+++ DATA SECTION

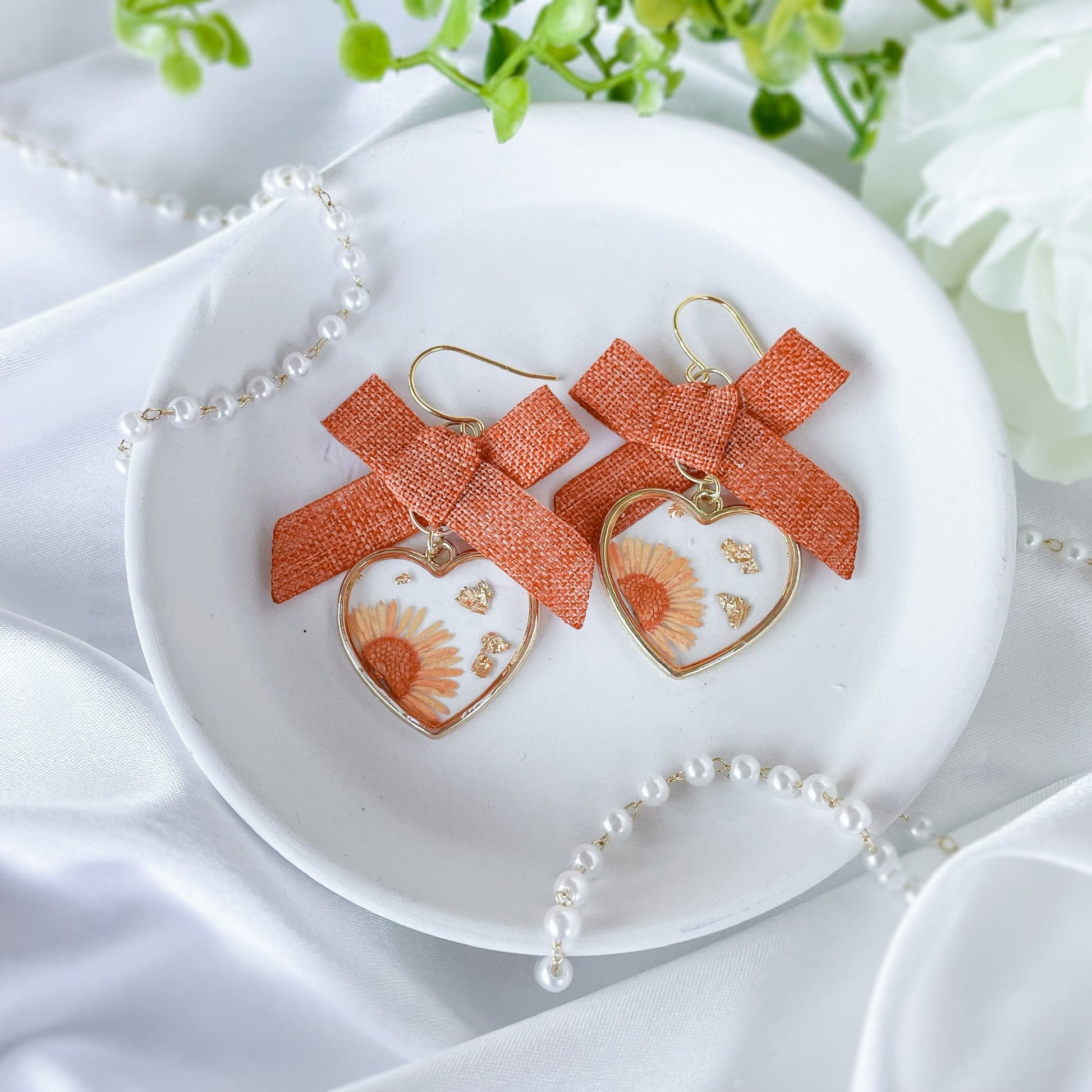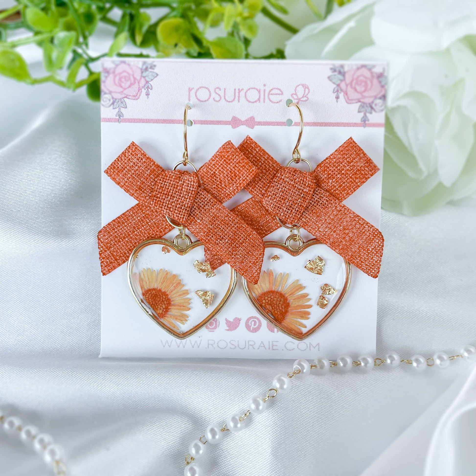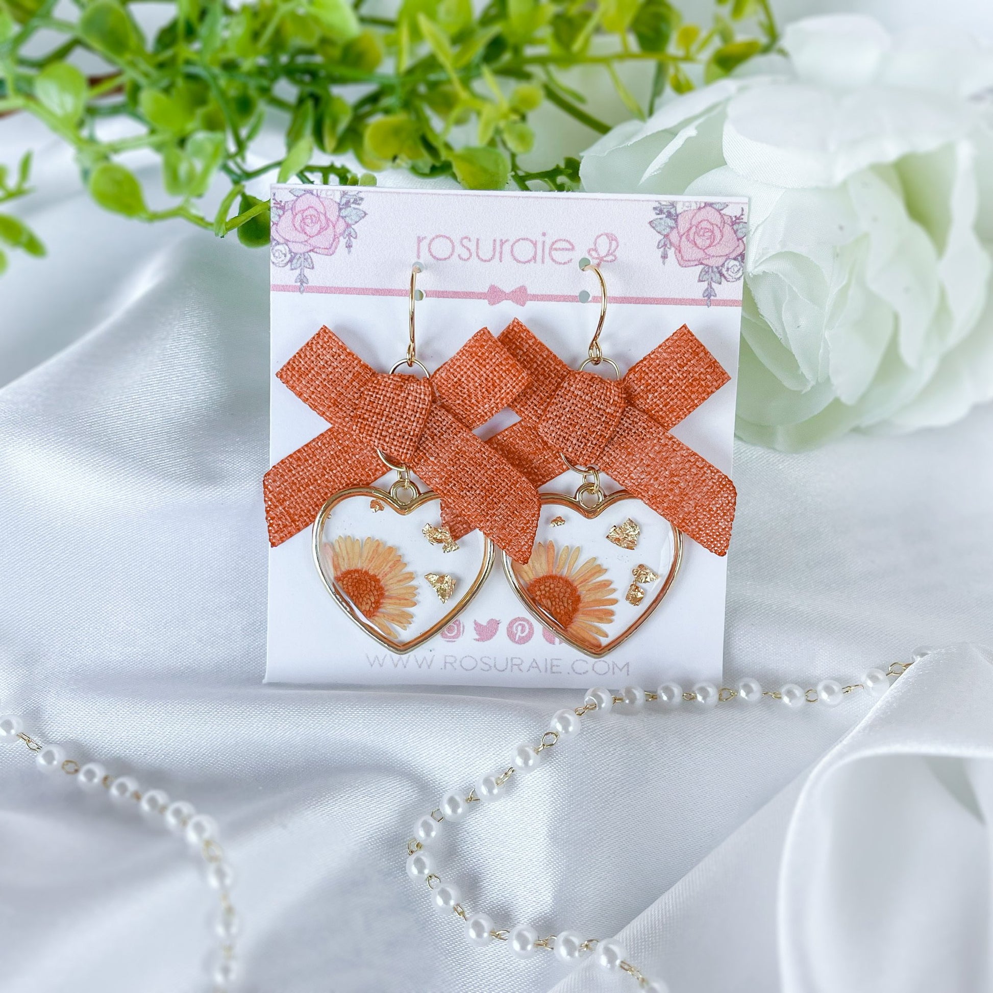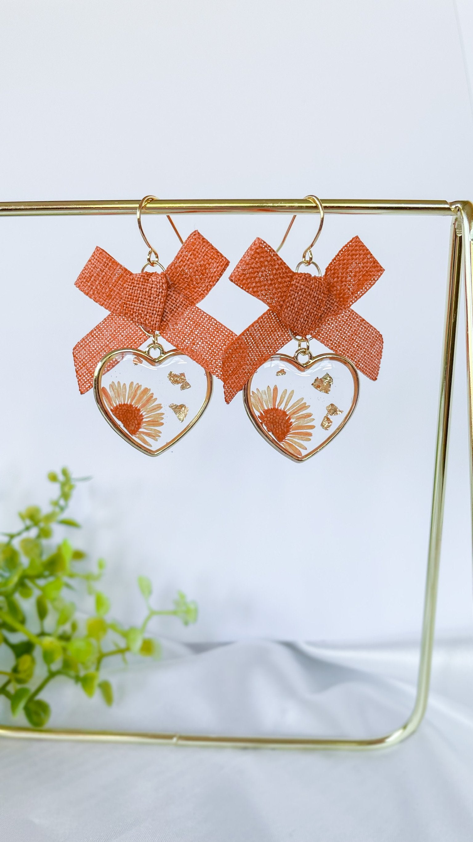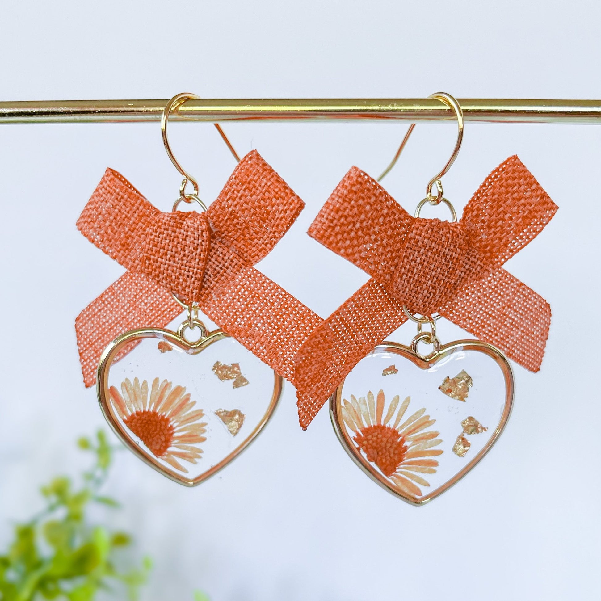 Pendants made with real preserved orange daisy and clear bio-resin.
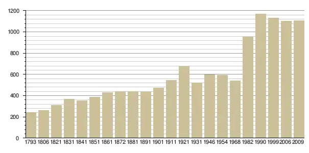 Динаміка населення (base Cassini de l'EHESS pour les nombres retenus jusque 1962[3], base Insee à partir de 1968 (population sans doubles comptes puis population municipale à partir de 2006)[4] · [5] ):
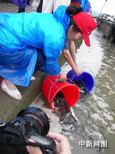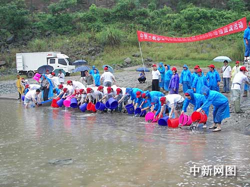 中新網宜昌6月30日電(記者 郭曉瑩)三峽開發總公司中華鱘研究所29日在長江宜昌江段(江南櫻桃園碼頭)舉行了2009年度第二次中華鱘放流活動,這也是該所第49次放流中華鱘。

++++++

- WORK INSTRUCTION:
Pictures are to be left out; all other data must be returned exactly.

- YOUR SOLUTION:
 Pendants made with real preserved orange daisy and clear bio-resin.
 Динаміка населення (base Cassini de l'EHESS pour les nombres retenus jusque 1962[3], base Insee à partir de 1968 (population sans doubles comptes puis population municipale à partir de 2006)[4] · [5] ):
 中新網宜昌6月30日電(記者 郭曉瑩)三峽開發總公司中華鱘研究所29日在長江宜昌江段(江南櫻桃園碼頭)舉行了2009年度第二次中華鱘放流活動,這也是該所第49次放流中華鱘。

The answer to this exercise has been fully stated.